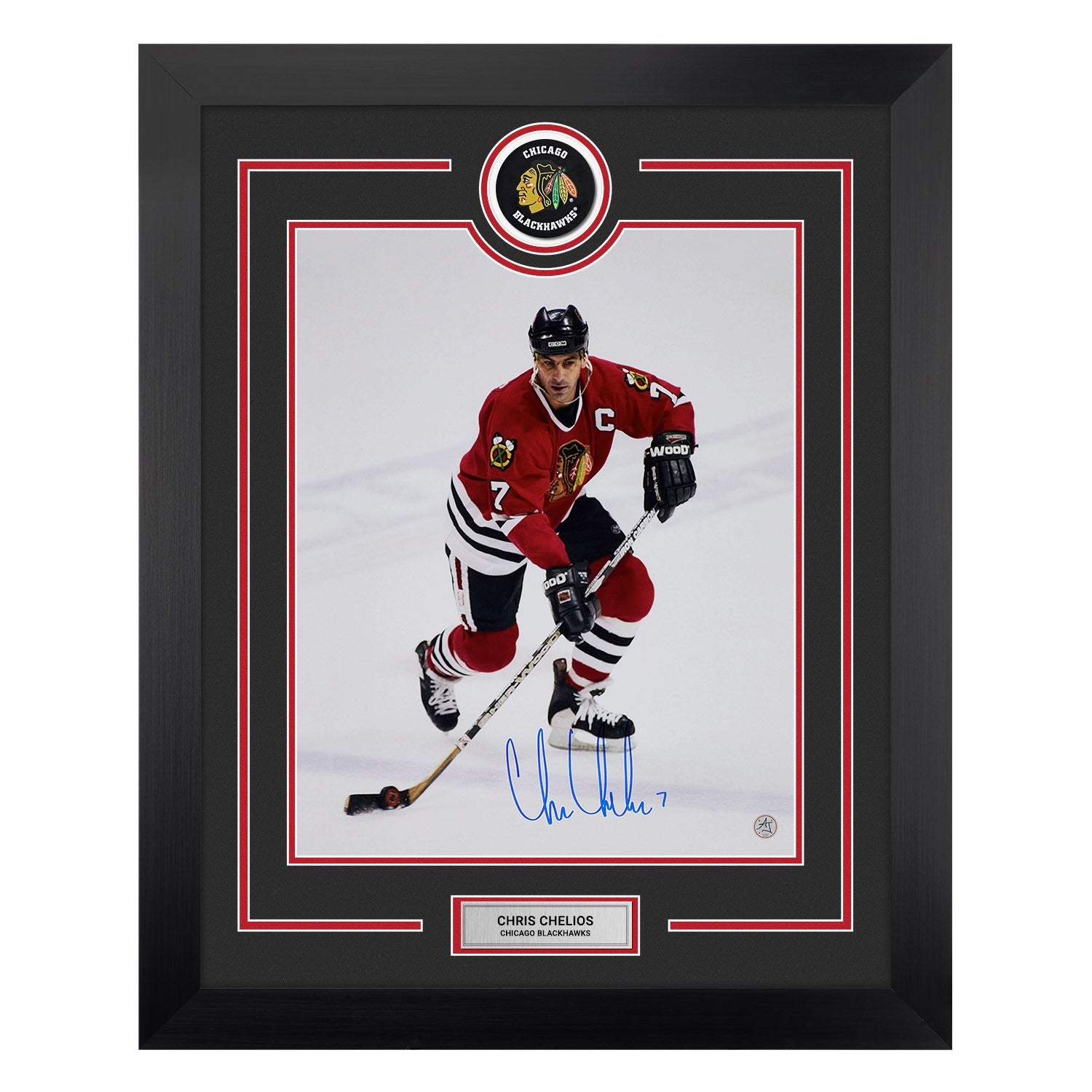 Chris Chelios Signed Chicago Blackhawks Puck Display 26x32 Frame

==

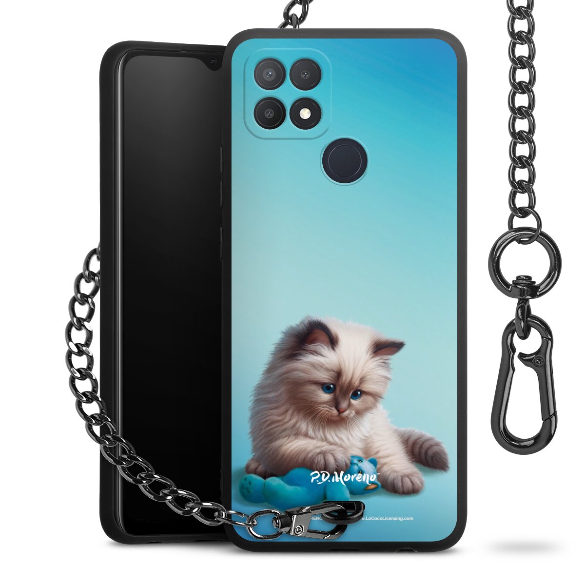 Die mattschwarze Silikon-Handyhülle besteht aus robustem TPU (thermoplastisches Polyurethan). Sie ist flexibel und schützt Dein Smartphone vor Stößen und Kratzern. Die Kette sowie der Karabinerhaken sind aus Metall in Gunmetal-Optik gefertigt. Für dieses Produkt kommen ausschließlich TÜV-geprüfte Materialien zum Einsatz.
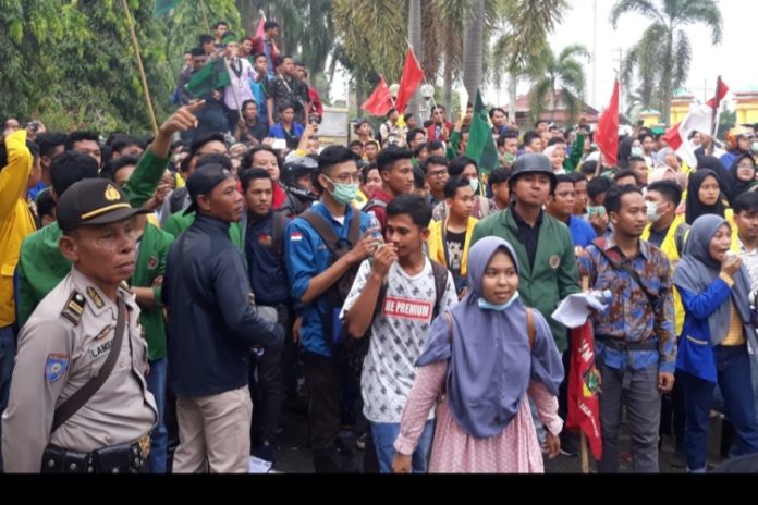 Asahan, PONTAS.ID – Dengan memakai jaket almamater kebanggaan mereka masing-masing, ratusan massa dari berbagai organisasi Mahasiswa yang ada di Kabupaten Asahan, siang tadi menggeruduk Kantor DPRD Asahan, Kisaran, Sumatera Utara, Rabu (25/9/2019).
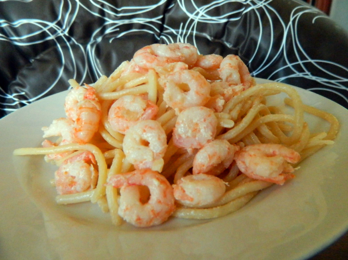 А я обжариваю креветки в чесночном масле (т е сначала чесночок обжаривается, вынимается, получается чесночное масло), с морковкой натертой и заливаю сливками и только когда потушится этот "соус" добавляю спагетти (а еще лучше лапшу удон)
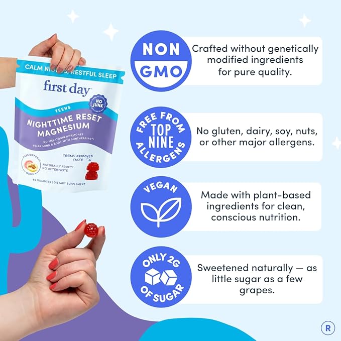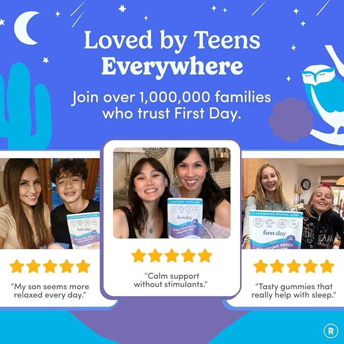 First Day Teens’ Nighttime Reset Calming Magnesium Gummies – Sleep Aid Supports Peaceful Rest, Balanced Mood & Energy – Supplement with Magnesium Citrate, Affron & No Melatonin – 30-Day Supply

WORK TO BE COMPLETED:
Please set down, exactly and with no pictures, the lines in the entries above starting at the one holding "Asahan, PONTAS.ID –" and ending at the one holding "First Day Teens’", ends included.

SOLUTION FOR THIS EXERCISE:
 Asahan, PONTAS.ID – Dengan memakai jaket almamater kebanggaan mereka masing-masing, ratusan massa dari berbagai organisasi Mahasiswa yang ada di Kabupaten Asahan, siang tadi menggeruduk Kantor DPRD Asahan, Kisaran, Sumatera Utara, Rabu (25/9/2019).
 А я обжариваю креветки в чесночном масле (т е сначала чесночок обжаривается, вынимается, получается чесночное масло), с морковкой натертой и заливаю сливками и только когда потушится этот "соус" добавляю спагетти (а еще лучше лапшу удон)
 First Day Teens’ Nighttime Reset Calming Magnesium Gummies – Sleep Aid Supports Peaceful Rest, Balanced Mood & Energy – Supplement with Magnesium Citrate, Affron & No Melatonin – 30-Day Supply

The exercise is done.